Fluids contained in pore spaces are under pressure that is overbalanced by the drilling fluid pressure in the well bore.
The borehole pressure is equal to the hydrostatic pressure plus the friction pressure loss in the annulus. If for some reason the borehole pressure falls below the formation fluid pressure, the formation fluids can enter the well. Such an event is known as a kick. This name is associated with a rather sudden flowrate increase observed at the surface.

A formation gas or fluid kick can be efficiently and safely controlled if the proper equipment is installed at the surface. One of several possible arrangement of pressure control equipment . The blowout preventer (BOP) stack consists of a spherical preventer (i.e.,Hydril) and ram type BOPs with blind rams in one and pipe rams in another with
a drilling spool placed in the stack.
A spherical preventer contains a packing element that seals the space around the outside of the drill pipe. This preventer is not designed to shut off the well when the drill pipe is out of the hole. The spherical preventer allows stripping operations and some limited pipe rotation.
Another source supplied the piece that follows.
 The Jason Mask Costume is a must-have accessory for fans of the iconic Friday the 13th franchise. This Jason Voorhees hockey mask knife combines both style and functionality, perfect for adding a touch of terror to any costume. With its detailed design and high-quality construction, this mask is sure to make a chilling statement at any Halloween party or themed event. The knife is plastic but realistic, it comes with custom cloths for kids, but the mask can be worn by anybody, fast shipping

Hydril Corporation, Shaffer, and other manufactures provide several models with differing packing element designs for specific types of service. The ram type preventer uses two concentric halves to close and seal around the pipe, called pipe rams or blind rams, which seal against the opposing half when there is no pipe in the hole. Some pipe rams will only seal on a single size pipe; 5 in. pipe rams only seal around 5 in. drill pipe. There are also variable bore rams, which cover a specific size range such as 312 in. to 5 in. that seal on any size pipe in their range.
Care must be taken before closing the blind rams. If pipe is in the hole and the blind rams are closed, the pipe may be damaged or cut. A special type of blind rams that will sever the pipe are called shear blind rams.
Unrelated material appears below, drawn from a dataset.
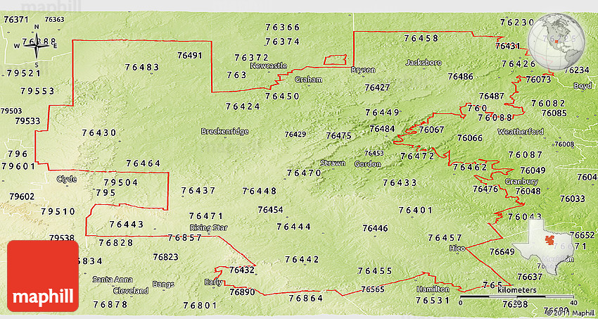 The panoramic physical map represents one of several map types and styles available. Look at ZIP codes starting with 764 from different perspectives.

These rams will seal against themselves when there is no pipe in the hole, or, in the case of pipe in the hole, the rams will first shear the pipe and then
continue to close until they seal the well. A drilling spool is the element of the BOP stack to which choke and kill lines are attached. The pressure rating of the drilling spool and its side outlets should be consistent with BOP stack. The kill line allows pumping mud into the annulus of the well in the case that is required. The choke
line side is connected to a manifold to enable circulation of drilling and formation fluids out of the hole in a controlled manner.
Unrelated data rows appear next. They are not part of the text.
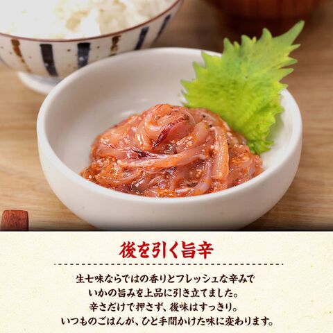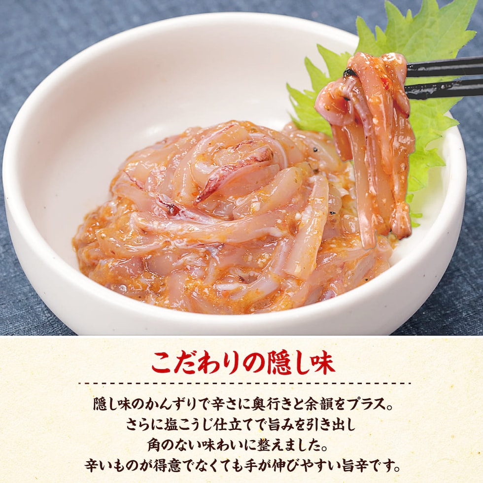 いかの旨みを、生七味唐辛子で引き立てた「いか生七味」。粉末の七味とは違う爽やかな辛味と、ふわっと広がる香りが食欲をそそります。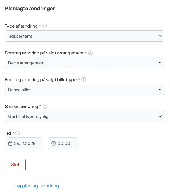 Skal du lave en ændring, der kun gælder for enkelte billettyper, skal til gå til Opsætning -> Arrangementer > klikke på billettypens navn for at redigere billettypen > rul ned til fanen Avancerede indstillinger og klik på knappen Tilføj planlagt ændring.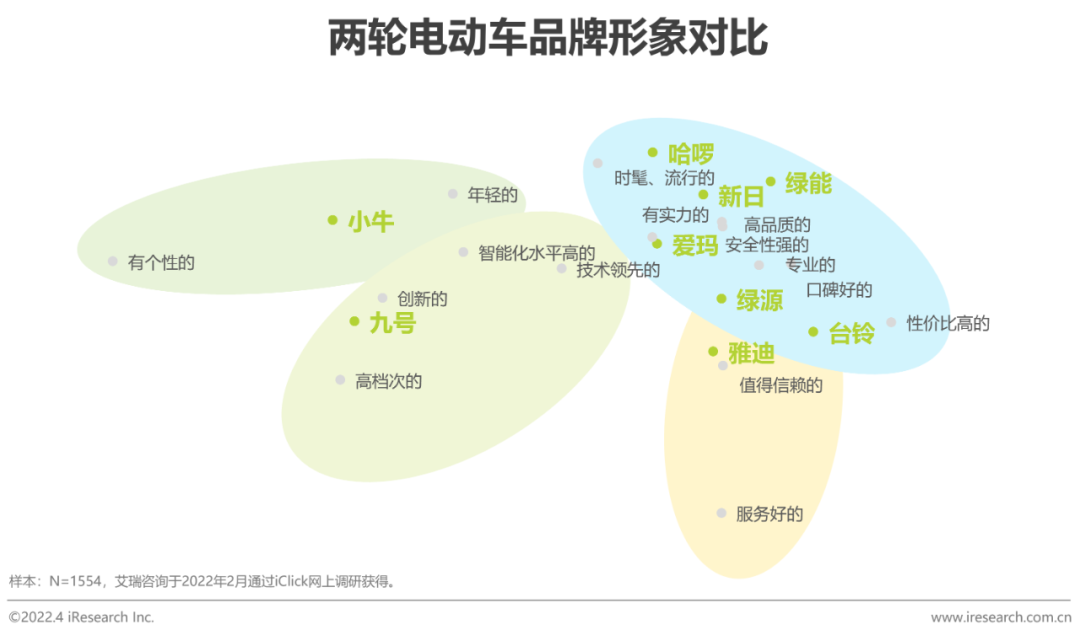 从消费者角度来看,传统两轮电动车品牌如爱玛、新日、绿能等品牌,品牌形象同质化严重,没有突出特征。仅雅迪凭借规模大、创立时间久,使得消费者对其“值得信赖”、“服务好”和“专业”等形象更为认可。

A degasser is installed on the mud return line to remove any small amounts of entrained gas in the returning drilling fluids. Samples of gas
are analyzed using the gas chromatograph.
If for some reason the well cannot be shut in, and thus prevents implementation of regular kick killing procedure, a diverter type stack is used rather, the BOP stack described above. The diverter stack is furnished with a blow-down line to allow the well to vent wellbore gas or fluids a safe distance away from the rig.

While drilling, there are certain warning signals that, if properly analyzed, can lead to early detection of gas or formation fluid entry into the wellbore.
1. Drilling break. A relatively sudden increase in the drilling rate is called a drilling break. The drilling break may occur due to a decrease in the difference between borehole pressure and formation pressure. When a drilling break is observed, the pumps should be stopped and the well watched for flow at the mud line. If the well does not flow, it probably means that the overbalance is not lost or simply that a softer formation has be encountered.
2. Decrease in pump pressure. When less dense formation fluid enters the borehole, the hydrostatic head in the annulus is decreased. Although reduction in pump pressure may be caused by several other factors, drilling personnel should consider a formation fluid influx into the wellbore as one possible cause. The pumps should be stopped and the return flow mud line watched carefully.
3. Increase in pit level. This is a definite signal of formation fluid invasion into the wellbore. The well must be shut in as soon as possible.
4. Gas-cut mud. When drilling through gas-bearing formations, small quantities of gas occur in the cuttings. As these cuttings are circulated up, the annulus, the gas expands. The resulting reduction in mud weight is observed at surface.
Stopping the pumps and observing the mud return line help determine whether the overbalance is lost.
If the kick is gained while tripping, the only warning signal we have is an increase in fluid volume at the surface (pit gain). Once it is determined that the pressure overbalance is lost, the well must be closed as quickly as possible. The sequence of operations in closing a well is as follows:
1. Shut off the mud pumps.
2. Raise the Kelly above the BOP stack.
3. Open the choke line
4. Close the spherical preventer.
5. Close the choke slowly.
6. Record the pit level increase.
7. Record the stabilized pressure on the drill pipe (Stand Pipe) and annulus pressure gauges.
8. Notify the company personnel.
9. Prepare the kill procedure.
If the well kicks while tripping, the sequence of necessary steps can be given below:

  1. Close the safety valve (Kelly cock) on the drill pipe.
    2. Pick up and install the Kelly or top drive.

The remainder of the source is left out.